*EXERCISE INPUT*.

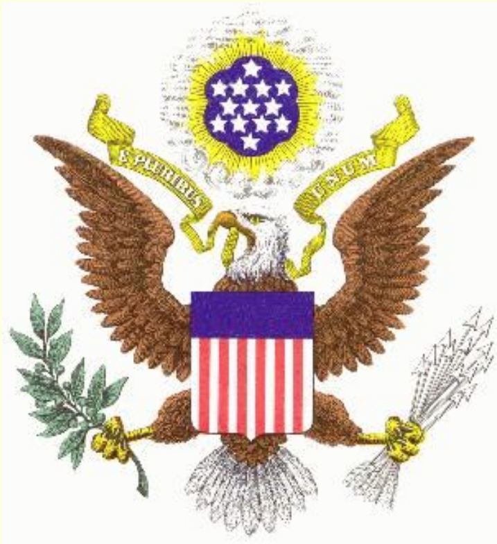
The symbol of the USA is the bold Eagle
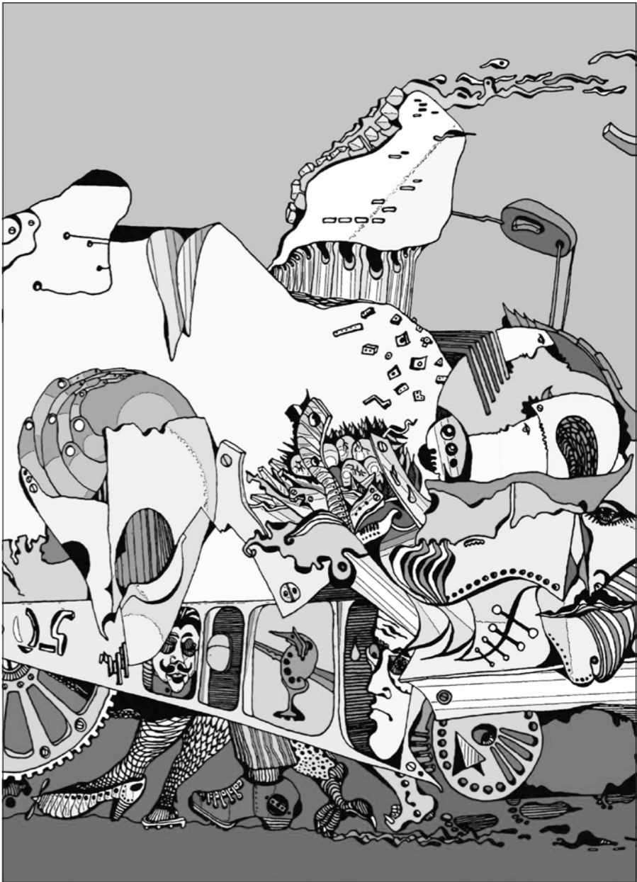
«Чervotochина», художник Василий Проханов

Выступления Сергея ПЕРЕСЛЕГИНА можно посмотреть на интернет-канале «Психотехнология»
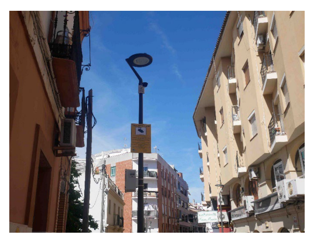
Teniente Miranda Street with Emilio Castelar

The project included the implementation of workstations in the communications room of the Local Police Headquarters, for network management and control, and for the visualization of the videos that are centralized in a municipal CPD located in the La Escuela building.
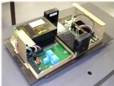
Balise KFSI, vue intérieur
---
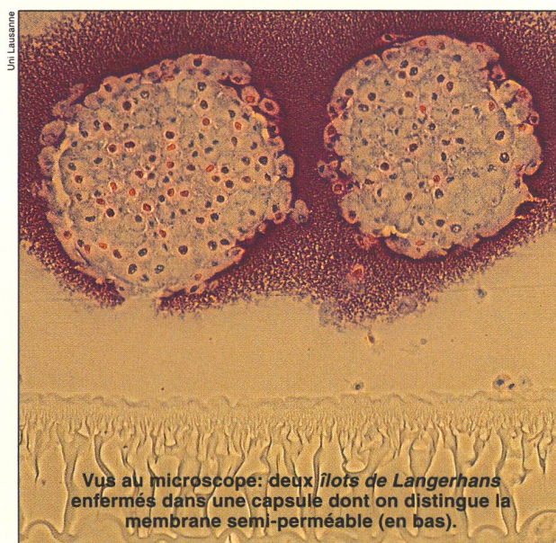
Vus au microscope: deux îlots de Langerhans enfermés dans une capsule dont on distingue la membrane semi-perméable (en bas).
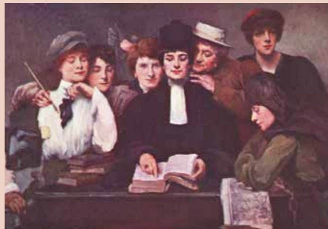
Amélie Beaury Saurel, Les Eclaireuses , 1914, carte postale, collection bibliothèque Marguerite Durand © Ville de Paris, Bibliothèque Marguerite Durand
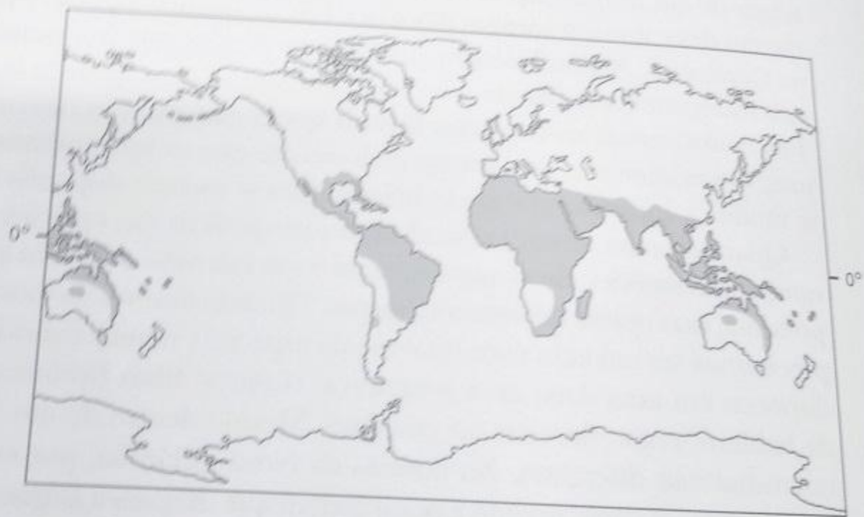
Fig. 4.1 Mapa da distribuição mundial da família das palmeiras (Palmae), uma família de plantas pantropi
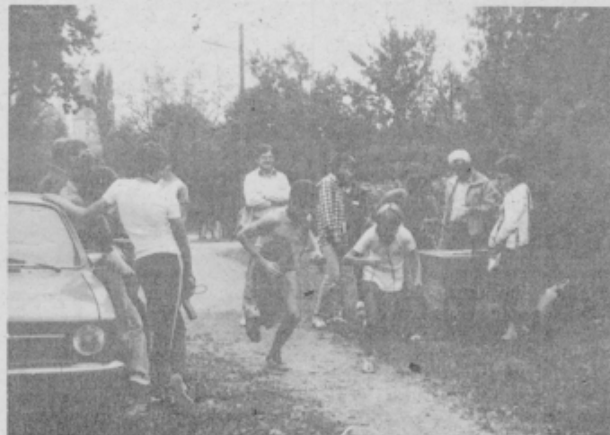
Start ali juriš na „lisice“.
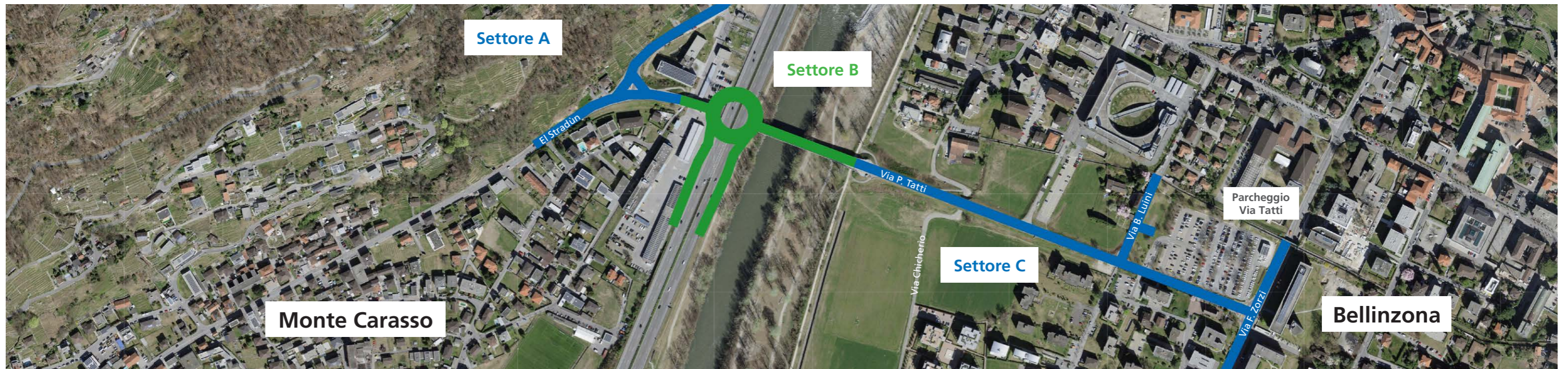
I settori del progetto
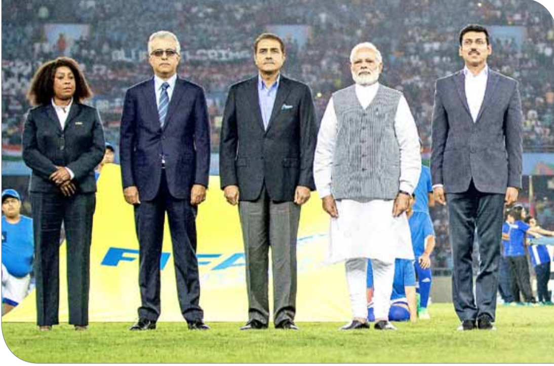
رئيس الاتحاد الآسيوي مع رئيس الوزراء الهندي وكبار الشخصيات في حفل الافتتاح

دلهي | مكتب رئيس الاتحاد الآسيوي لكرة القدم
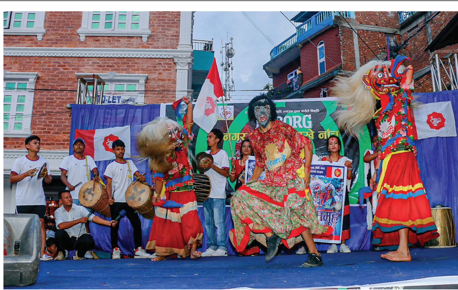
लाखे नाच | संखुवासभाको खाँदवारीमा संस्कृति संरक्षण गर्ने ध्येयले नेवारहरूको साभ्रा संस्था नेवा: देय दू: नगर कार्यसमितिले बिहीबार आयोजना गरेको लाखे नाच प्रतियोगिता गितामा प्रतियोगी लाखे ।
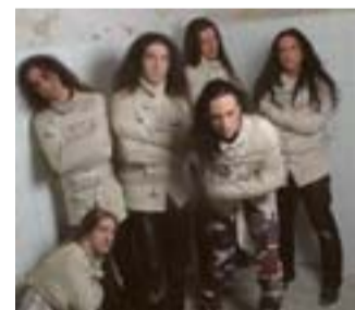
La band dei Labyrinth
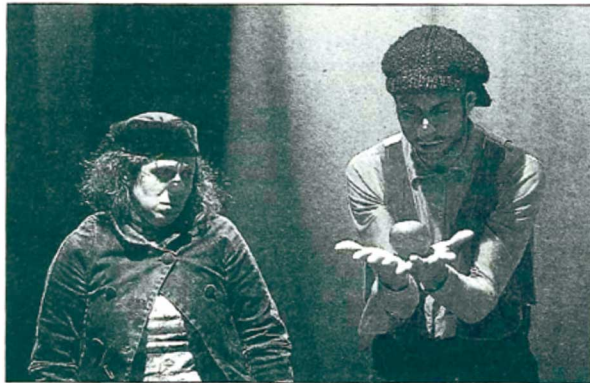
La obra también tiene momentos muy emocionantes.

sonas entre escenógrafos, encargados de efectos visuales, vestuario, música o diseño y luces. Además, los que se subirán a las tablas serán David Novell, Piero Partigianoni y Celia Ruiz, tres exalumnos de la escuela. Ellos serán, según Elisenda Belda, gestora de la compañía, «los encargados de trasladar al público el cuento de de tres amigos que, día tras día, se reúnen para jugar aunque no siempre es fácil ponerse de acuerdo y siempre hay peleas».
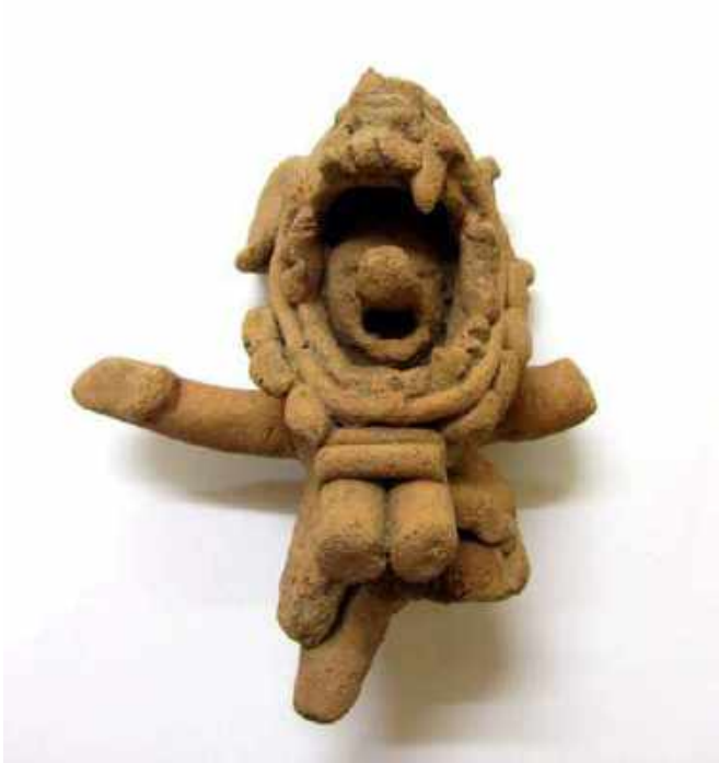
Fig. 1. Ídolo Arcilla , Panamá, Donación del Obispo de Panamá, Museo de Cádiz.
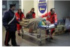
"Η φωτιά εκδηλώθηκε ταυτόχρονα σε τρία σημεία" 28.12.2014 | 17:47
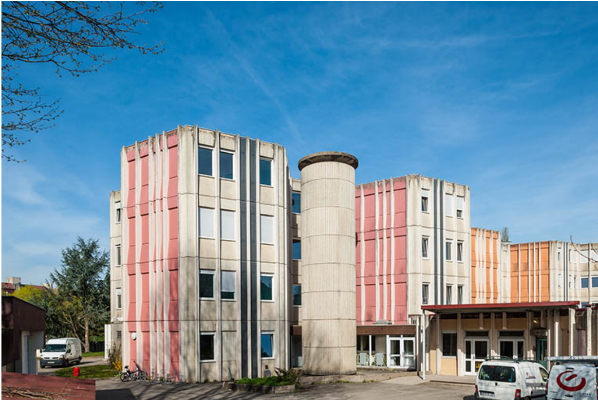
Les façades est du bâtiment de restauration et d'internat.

*WORK INSTRUCTION*.
The lines to return are those in the material above that hold "الآسيوي".

*YOUR SOLUTION*.
رئيس الاتحاد الآسيوي مع رئيس الوزراء الهندي وكبار الشخصيات في حفل الافتتاح
دلهي | مكتب رئيس الاتحاد الآسيوي لكرة القدم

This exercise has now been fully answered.